Traditionally, AA has been regarded as a stress-induced disease. Unfortunately that view persists today, even among some dermatologists, even though very little scientific evidence supports the view.

AA is much more complicated. Extreme stress might trigger AA in some people, but recent research shows that genes can also be involved. There are probably several genes that can make an individual more susceptible to developing AA. The more of these genes a person has, the more likely they will develop AA.

Some researchers believe there are a wide range of contributing factors that make someone more susceptible to developing AA. Hormones, allergies, viruses, and even toxins might contribute. Probably several factors combined are involved in the activation of AA in any one individual.

Treatments for Alopecia

There are a range of treatments for AA, but none are effective for everyone and some people with AA don't respond to any treatment. Because some of the available treatments have a high risk of side effects, they are often not used for children.

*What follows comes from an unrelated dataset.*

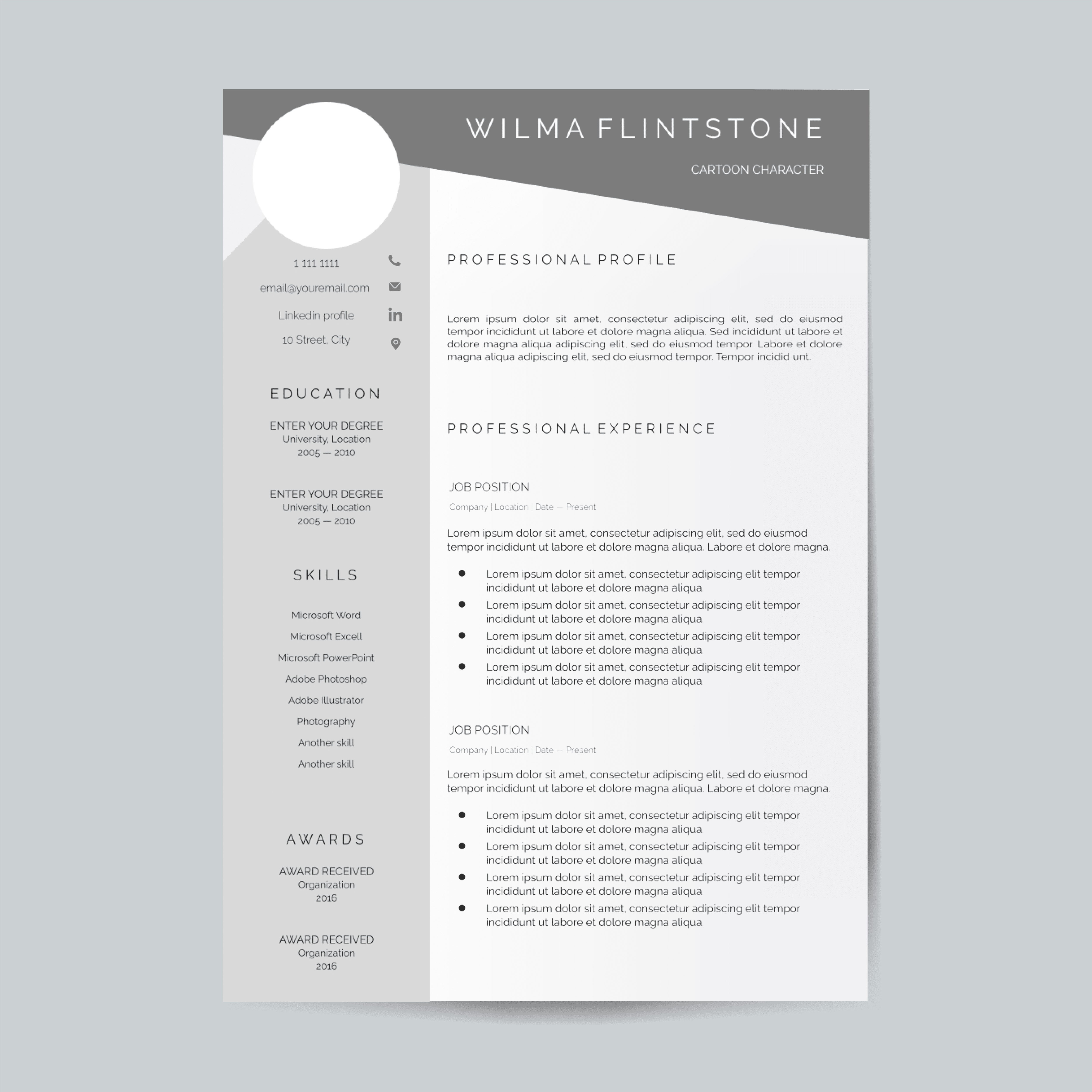 Nuestra Plantilla de CV está creada sobre lineas minimalistas, aportandó así, una imagen lista para insertarse en el mercado laboral.

The most common AA treatment involves the use of corticosteroids. Corticosteroid creams applied to the bald patches are popular with the average dermatologist, although this treatment approach is only successful for the very mildest cases. A more potent approach is to inject corticosteroid solutions into the bald patches. This can work well for some people, but close monitoring is required to ensure that side effects, such as skin thinning at the site of injection, do not occur.

In extensive cases, systemic corticosteroids (those taken in pill or other form to affect your body) are used, though not continuously since they can cause significant side effects like bone thinning. But short-term "pulse therapy" often has good results.

More specialized treatment approaches involve the application of contact sensitizing chemicals to the skin. These cause an allergic reaction that can help promote hair growth. That may sound counterintuitive but it seems to work. A variety of experimental approaches are currently in laboratory and clinical trials. One group of drugs being tested are "biologics," which have bits of protein that interfere in a very specific way with the activity of immune cells. Biologics are injected systemically to damp down the immune activity and allow hair to regrow. The results of these trials are awaited with much interest.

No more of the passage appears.